In passato i critici della tortura hanno evidenziato le motivazioni morali per osteggiarla, ma presumevano anche che la tortura servisse allo scopo. Sbagliavano.
«La tortura non è un sistema efficace per ottenere informazioni», afferma Roger Koppl, docente di economia alla Feirleight Dickinson University di Madison, New Jersey (Usa).
Ignoranti. «Il perché è presto detto: i torturatori non sanno qual è la verità e non sono in grado di riconoscerla quando viene detta, perciò non sono in grado di promettere che smetteranno di torturare quando l’hanno ottenuta, perché il torturatore non sa neppure se è tutta la verità e tortura per ottenerne di più.

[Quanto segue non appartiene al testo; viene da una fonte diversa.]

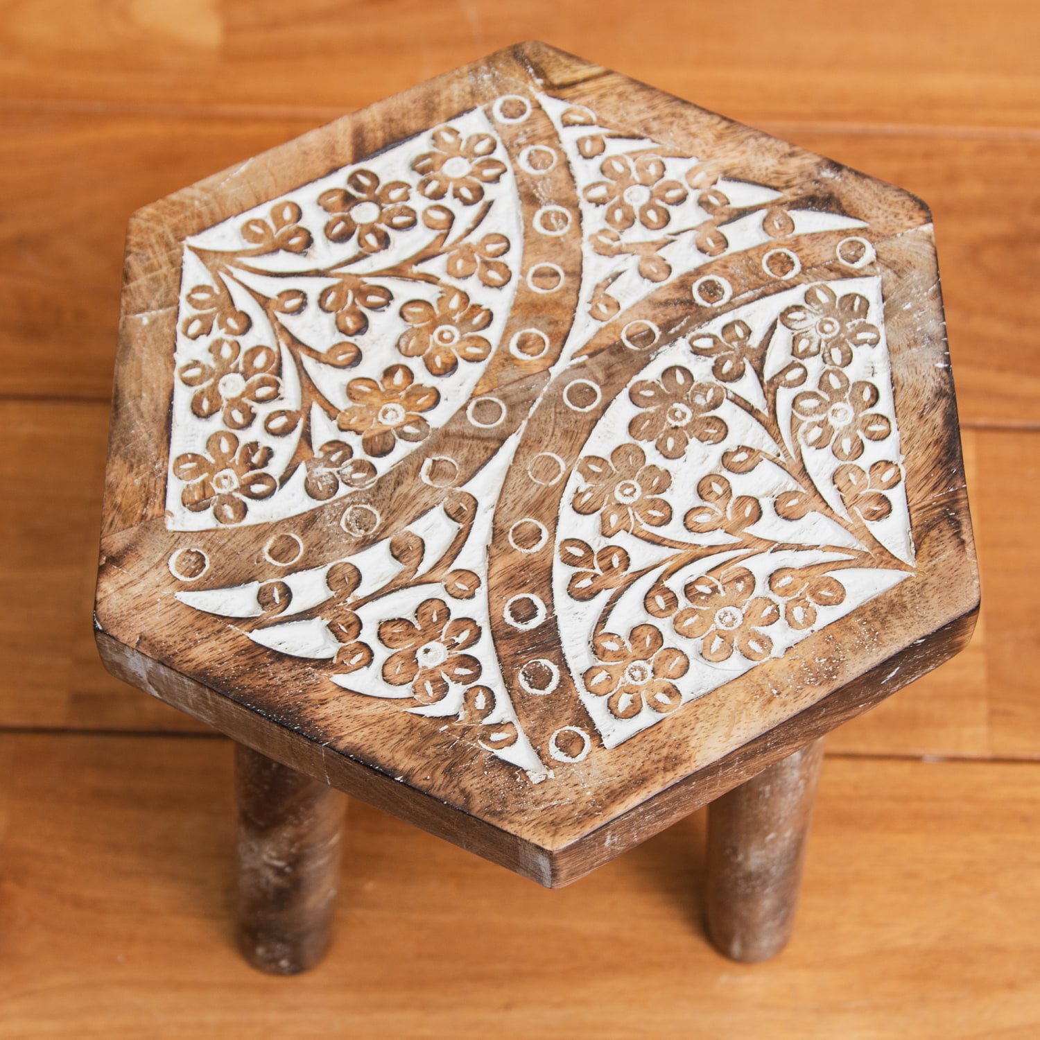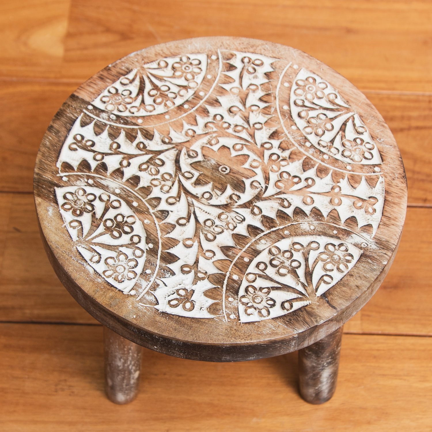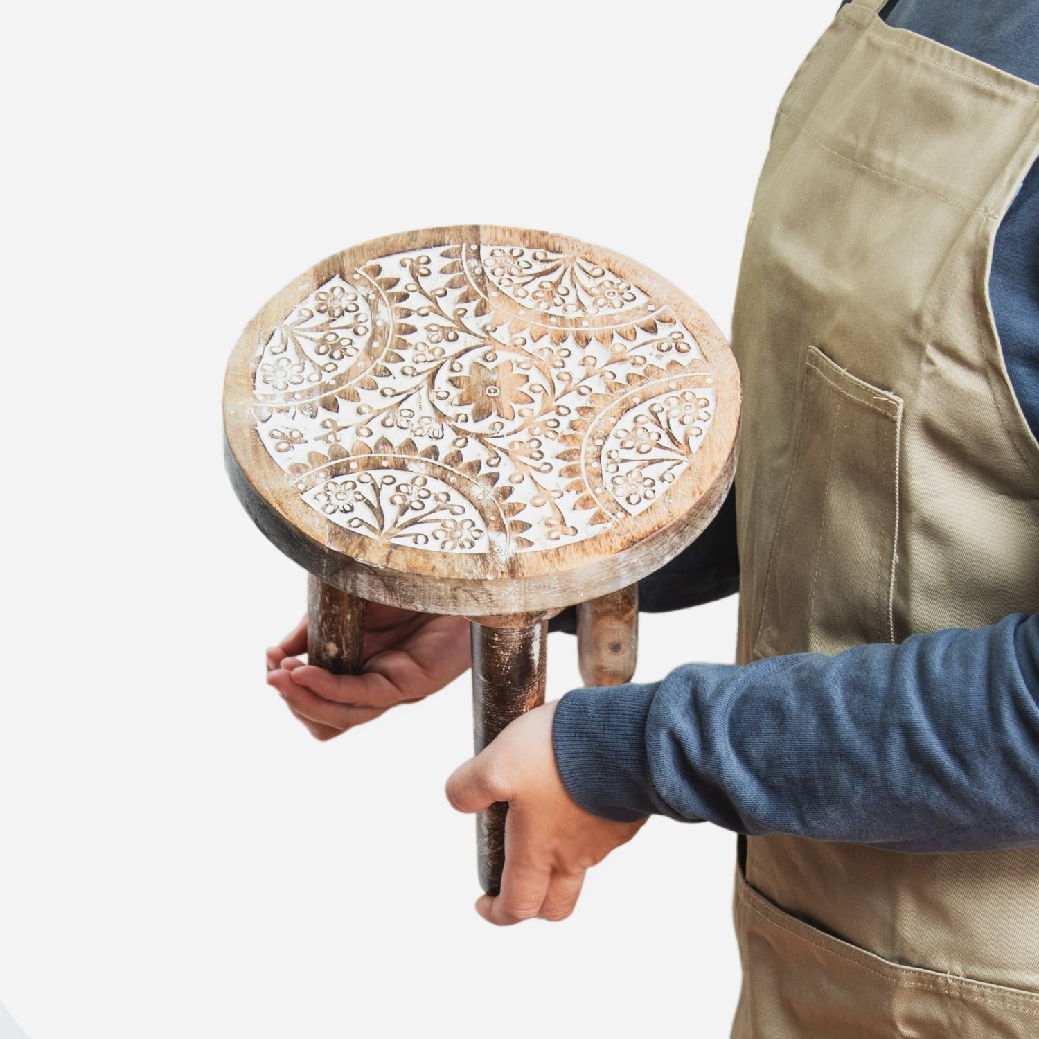 天板には、インドの職人が一つひとつ手彫りで仕上げたマンダラ模様。 繊細な線と花模様が浮かび上がり、美しい陰影を作り出します。小さいながらも存在感があり、エスニックインテリアのアクセントとして最適です。■環境にやさしいマンゴーウッド製

Le vittime lo sanno e quindi inventano una verità per cercare di interrompere le torture, oppure nascondono la verità perché rivelarla è inutile». Le conclusioni di Koppl sono spiegate in uno studio pubblicato sulla rivista Episteme.

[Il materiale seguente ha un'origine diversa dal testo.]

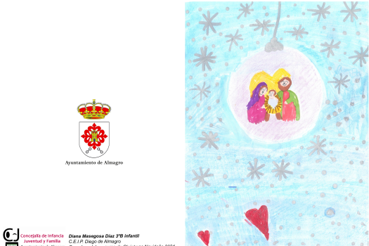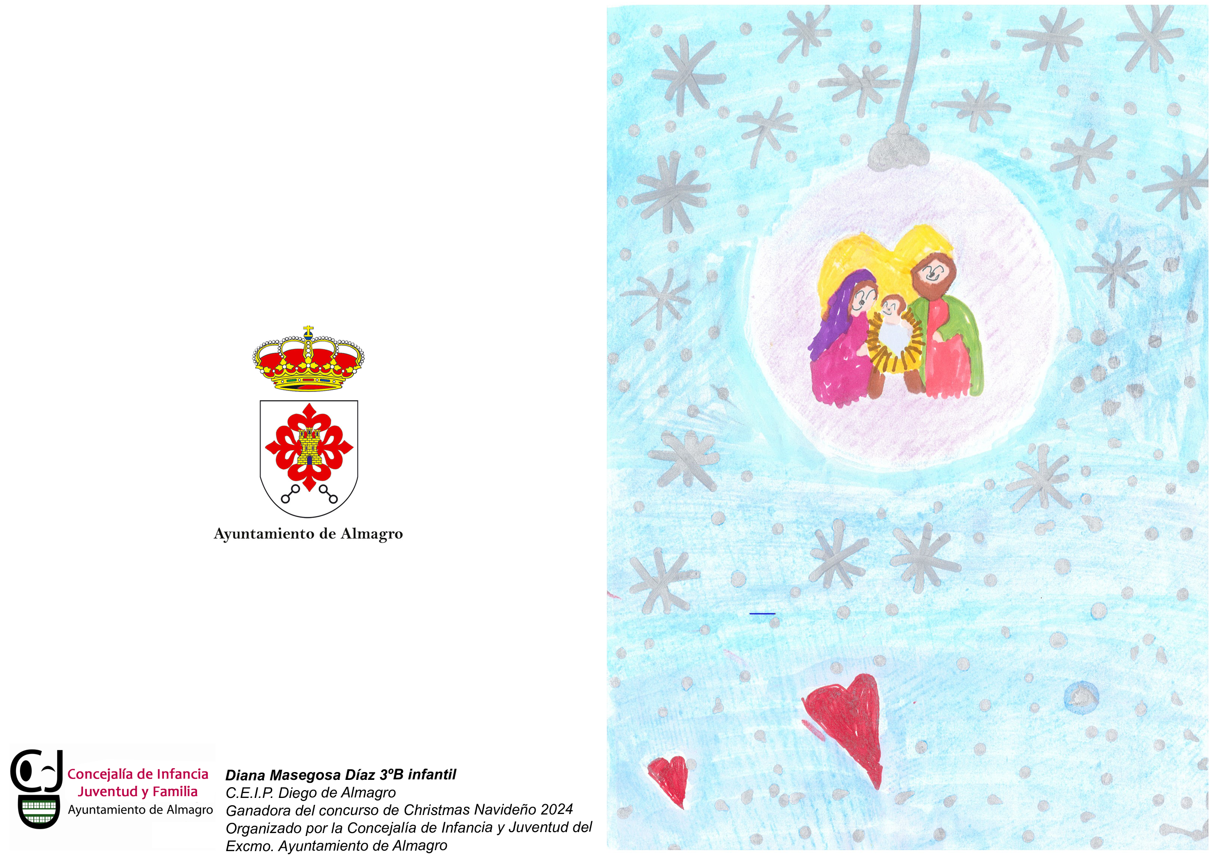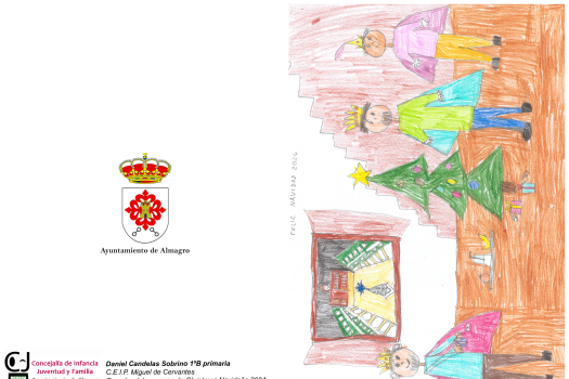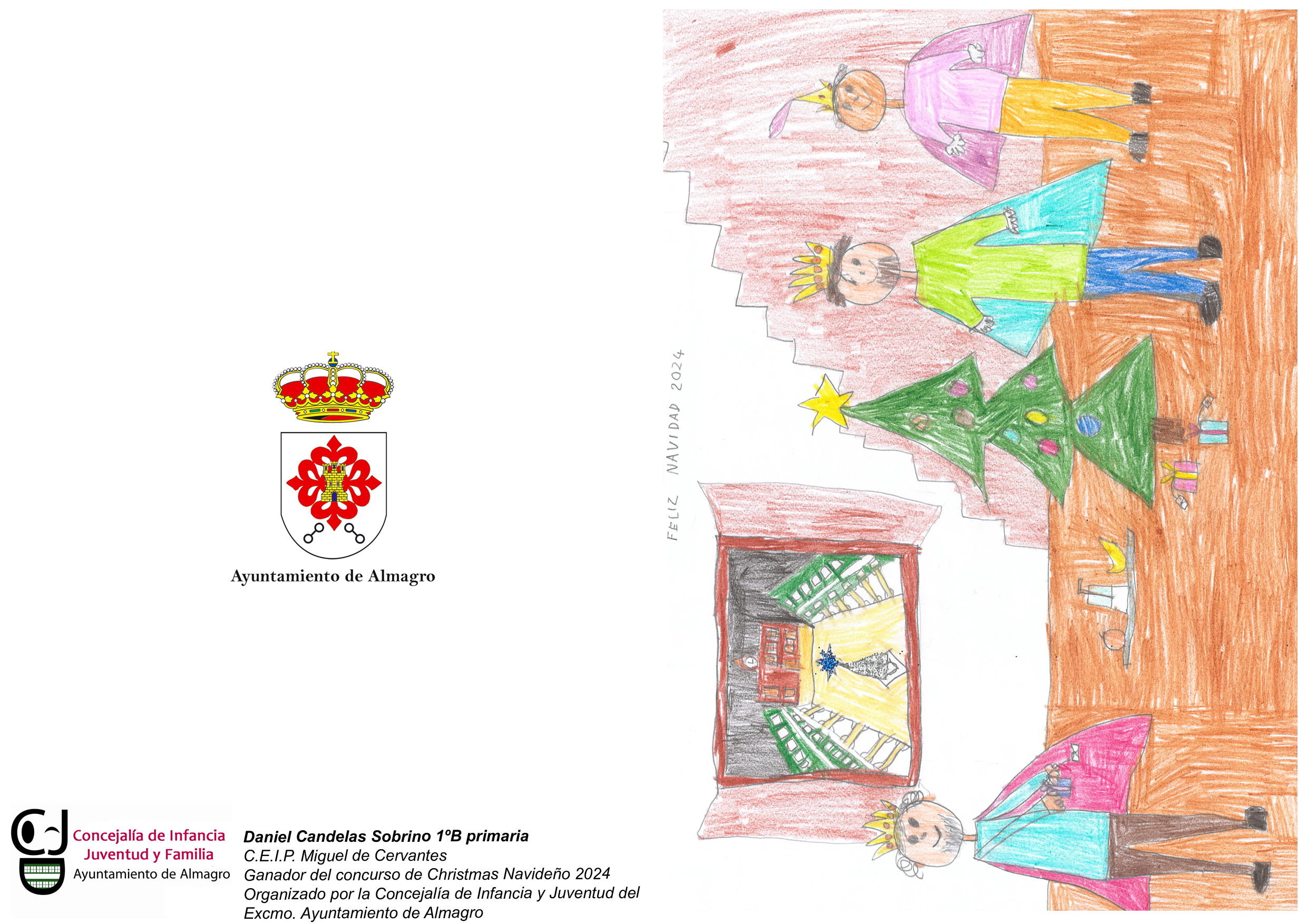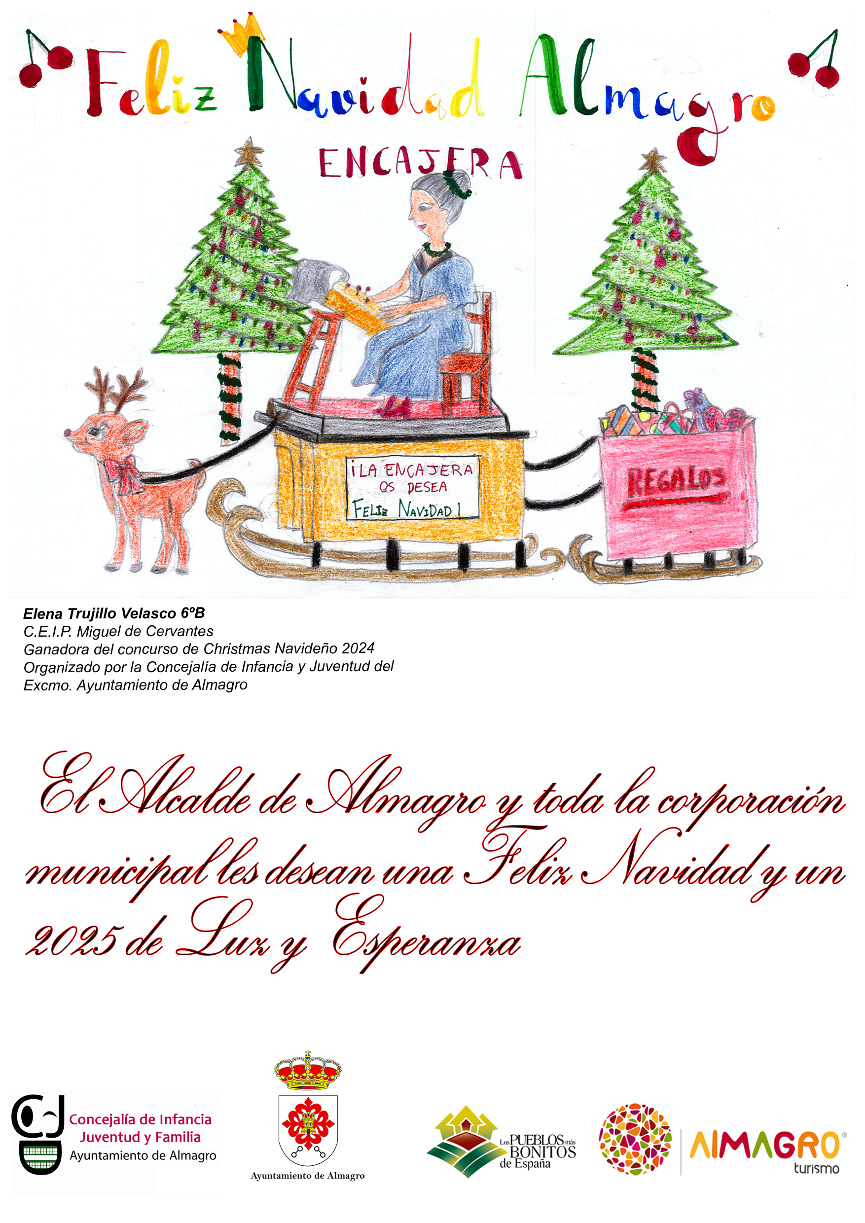 El Ayuntamiento felicita estas fiestas navideñas con las imágenes de un original trineo tirado por una encajera, los Reyes Magos en un salón de una casa almagreña y del Nacimiento de Jesús. Son los personajes representados en los tres dibujos ganadores del concurso de Christmas, organizado, un año más, por la Concejalía de Familia, Infancia y Juventud.

«La tortura», prosegue, «è uno strumento inadeguato a ottenere informazioni perché non agisce in condizioni reali. Forse ci sono situazioni in cui è efficace, ma sono rare: nella maggior parte dei casi è inutile».
Non razionale. Shane O'Mara, professore di Psicologia sperimentale al Trinity College di Dublino (Irlanda) e autore del saggio Why Torture Doesn't Work, aggiunge che la gravità della tortura compromette la capacità di pensare. La deprivazione del sonno, l'estremo dolore fisico, la paura di nuove sevizie e lo stress psicologico producono panico, dissociazione, momenti di incoscienza, danni neurologici a lungo termine: danneggiano la memoria e generano un intenso desiderio di parlare, se questo è l'unico modo per far cessare i soprusi.
O'Mara fa l'esempio di un 60enne scampato alle torture in Cambogia: aveva raccontato ai suoi aguzzini di essere un ermafrodita, una spia della CIA presso un vescovo cattolico e il figlio del re di Cambogia in persona. In realtà era un insegnante con la sola colpa di conoscere il francese.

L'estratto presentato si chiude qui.